TASK TO COMPLETE: Using only the entries below, copy exactly the lines that begin at the one with "Using white paint, put" and end at the one with "Au fur et à", both included. Drop the pictures.

INPUT FOR THIS TASK:
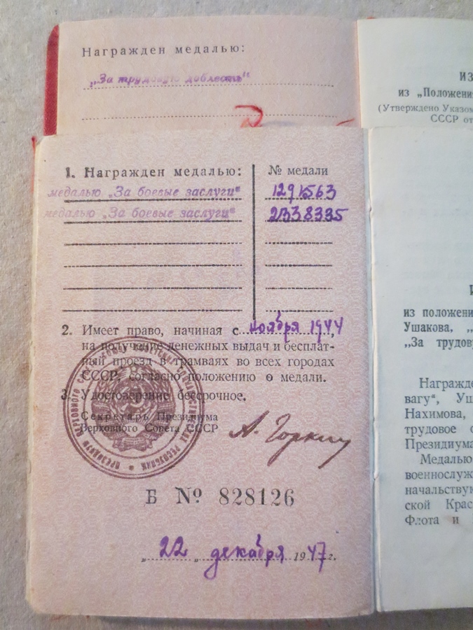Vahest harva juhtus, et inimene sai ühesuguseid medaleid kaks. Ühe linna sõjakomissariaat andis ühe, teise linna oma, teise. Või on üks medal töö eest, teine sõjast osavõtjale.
...
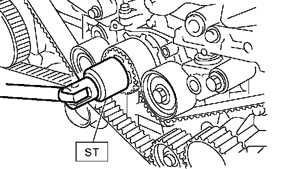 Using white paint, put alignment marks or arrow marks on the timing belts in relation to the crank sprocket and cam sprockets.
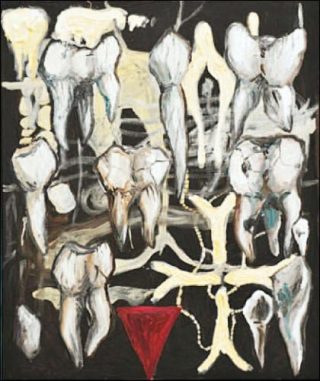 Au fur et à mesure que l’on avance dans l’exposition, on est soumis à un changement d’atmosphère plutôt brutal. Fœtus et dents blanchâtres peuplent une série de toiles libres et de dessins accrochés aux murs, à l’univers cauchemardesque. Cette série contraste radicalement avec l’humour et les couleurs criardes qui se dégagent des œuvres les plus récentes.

RESPONSE:
 Using white paint, put alignment marks or arrow marks on the timing belts in relation to the crank sprocket and cam sprockets.
 Au fur et à mesure que l’on avance dans l’exposition, on est soumis à un changement d’atmosphère plutôt brutal. Fœtus et dents blanchâtres peuplent une série de toiles libres et de dessins accrochés aux murs, à l’univers cauchemardesque. Cette série contraste radicalement avec l’humour et les couleurs criardes qui se dégagent des œuvres les plus récentes.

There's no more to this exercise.